New Delhi: As price increases take a back seat, makers of personal and home care products are expected to post modest growth in both sales and net profit for the quarter ended June.
During the quarter, most companies cut prices in a move expected to hit their sales and profitability.
Also See Growth Curve (Graphics)
To minimize the impact, they relied on cost-management strategies such as tinkering with product size or weight, change in the product mix and better supply chain and distribution efforts to plug inefficiencies.
A Mint survey of five brokerages—India Infoline Ltd, DSP Merrill Lynch Ltd, ICICI Securities Ltd, Angel Broking Ltd and Citigroup Global Markets India Pvt. Ltd—shows that such efforts will help consumer products companies post decent results, but the growth will not be as impressive as it had been in the past several quarters.

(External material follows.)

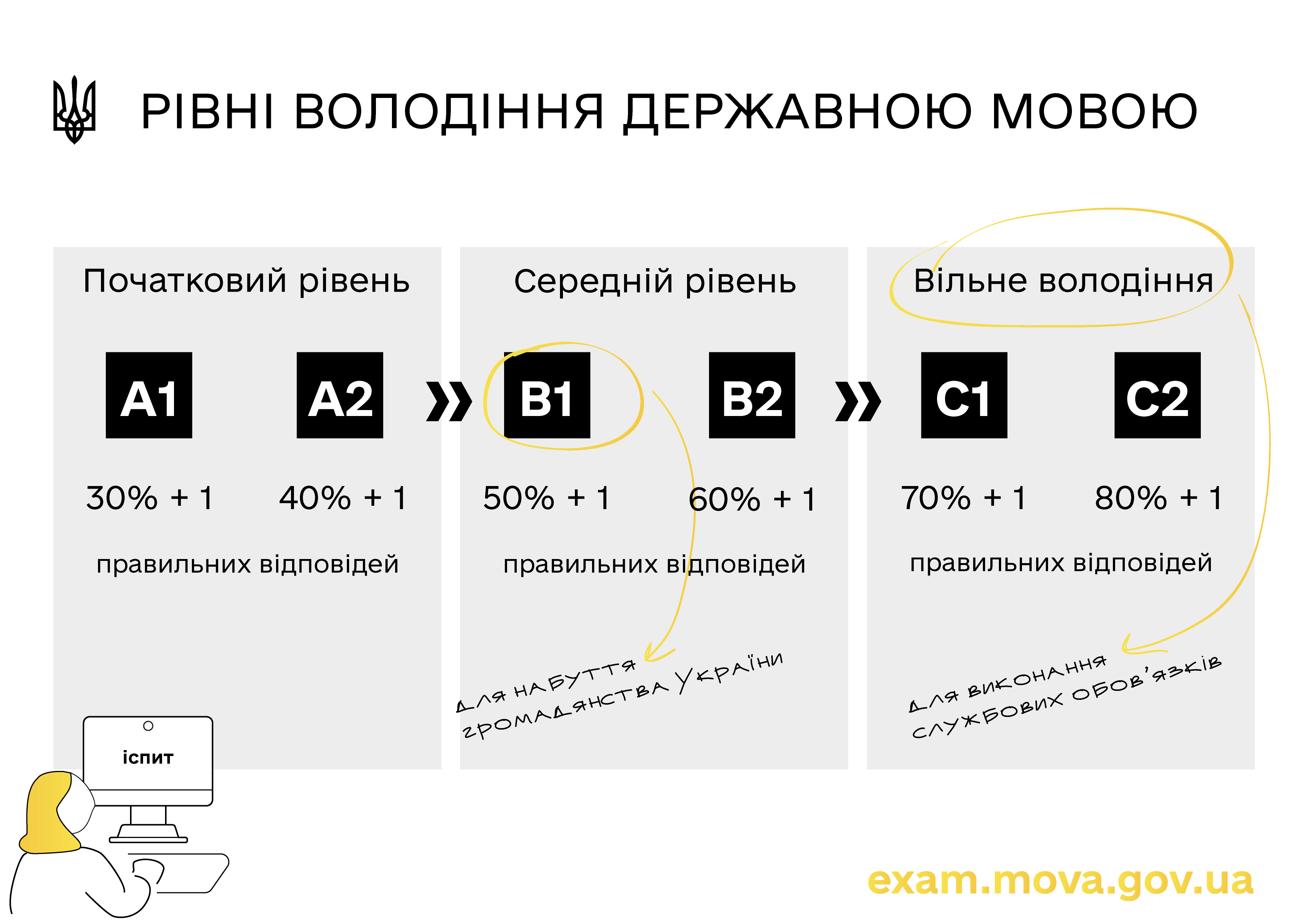 Відповідно до Поряду перевірки рівня володіння державною мовою, єдиних вимог до процедури проведення іспитів та критеріїв оцінювання, затвердженого рішенням Нацкомісії зі стандартів державної мови 13 травня 2021 р. за № 20, рівень володіння державною мовою визначають на основі підрахунку балів за письмову та усну частини та перетворення їх у відсотки від 0 % до 100 %.
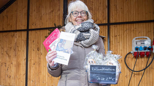 Unter anderem Susanne Scherghuber präsentierte Selbstgemachtes und informierte über die Arbeit der gemeinnützigen Einrichtung, die die soziale und berufliche Teilhabe für Menschen in der Region fördert. Mehr dazu findet sich im Internet auf www.miteinanderleben.de. An diesem Freitag, 9. Dezember, gehört diese Bürgerplattform auf dem Marktplatz der Deutsch-Französischen Gesellschaft.

Arguing that the impressive growth seen in previous quarters was because of steep price increases, a report by India Infoline says: “With the impact of year-on-year price increases tapering off in many categories, most companies are likely to report a moderation in revenue growth in first quarter of 2009-10.”
Because of a consistent rise in commodity prices and the rising inflation, most consumer goods companies had increased the prices of their products in 2008. This had helped them boost profitability.

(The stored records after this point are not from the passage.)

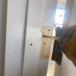 I then shim behind the strike plate until the gap is correct. You might need to shim in some more spots to keep a nice, even reveal all around the door. Just make sure to add a screw to keep all the shims in place. Finally, I shim and screw the head jamb to keep it from sagging.
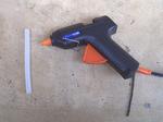こういう物の場合は表面が平らでないので、通常の木工用ボンドを使うより粘度があるホットメルトは都合が良い。また、接着時に溶かした樹脂も冷えれば元の樹脂に戻る。それに接着剤に使っている樹脂は弾力性にも富んでいるので衝撃にも強い。こうした方法だと作業もスイスイと進むのでオススメだ。
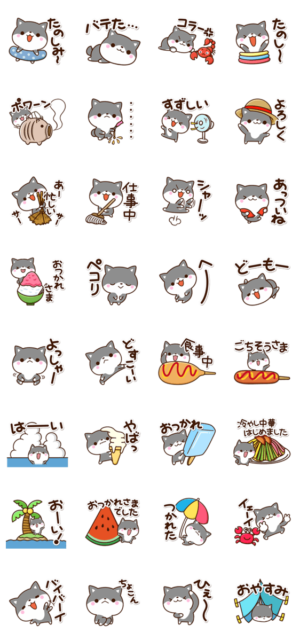 ちいさい黒い柴犬の『ちびクロシバ』。かわいく返事ができる黒イヌの、便利な夏スタンプ。暑い時期に使いやすいです。可愛い、くろいしばいぬ好きの方にぜひ。【かたこ】かたこ より発売
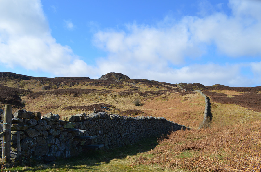 We cross the stone wall at Far Swan Beck which you can see were the stone wall dips in and out of the fell side by which time Swinside Knott was just above our heads. |

But with the decline in inflation and commodity prices, most companies had to cut prices. Besides, the slowdown in the economy also hit consumer demand and price cuts were used by most companies to induce demand. These efforts will affect the value-led growth most companies saw in 2008, brokerage analysts say.

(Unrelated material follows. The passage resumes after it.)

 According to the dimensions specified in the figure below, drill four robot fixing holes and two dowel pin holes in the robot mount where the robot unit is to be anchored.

Sales and profit growth could be in a wide range. Top companies in the sector, including Hindustan Unilever Ltd (HUL), ITC Ltd, Britannia Industries Ltd, Nestle India Ltd, Dabur India Ltd, Marico Industries Ltd, Godrej Consumer Products Ltd (GCPL) and GlaxoSmithKline Consumer Healthcare India Ltd (GSKCH), are likely to see their sales and profits grow by 3% to 24.5% and 6.9% to 59%, respectively, the brokerages say.
A report by ICICI Securities says that the impact of price cuts is likely to get partly offset by the decline in commodity prices and some incentives announced by the government. This is expected to aid margin expansion.
“With softening of commodity prices and benefits of lower excise, we expect operating profit margin for the FMCG (fast moving consumer goods) universe to expand in Q1FY10. Hence, operating profit growth of 21.5% year-on-year would be much higher than sales growth.”
The report, however, adds that the quantum of margin expansion will vary across companies.
Analysts say the trend of price cuts and companies’ efforts to expand their volumes and market share are likely to continue over the next few quarters.
“Going ahead, most companies are likely to resort to three alternatives—enhance margins by maintaining prices, increase promotional activity and advertising spends while maintaining the price levels or resort to price cuts,” says a report by Angel Broking.
Low prices apart, rural demand is expected to boost volumes, say analysts.
While the sector is seeing volume growth of only 6-7% in the metros, in the rural markets sales are growing by at least 20%.
According to Merrill Lynch, the fastest growing companies in June quarter will be Godrej, Nestle and Colgate.
“We forecast June quarter profit growth of 19% led by sales growth. This is marginally better than the 17% profit growth in March quarter. The improvement is led by Nestle (higher margin), ITC (higher cigarettes margins, strong growth in paper and reduced FMCG losses), Asian Paints (improved volume and margins) and Godrej (margin expansion),” Merrill Lynch says in a report.
According to India Infoline, sector leader HUL is likely to report a recovery in volume growth, but decline in exports is likely to have dragged down overall sales growth.
ITC is expected to report growth in cigarette sales by volume after at least seven quarters of decline, owing to a favourable base and the absence of an excise duty increase this year.
According to estimates by Merrill Lynch, Godrej is expected to post an impressive 59% profit growth during the quarter on sharp margin expansion on lower input costs. Nestle is expected to post 19% sales growth and expand margins as costs remain benign for key materials such as coffee, wheat and vegetable oils.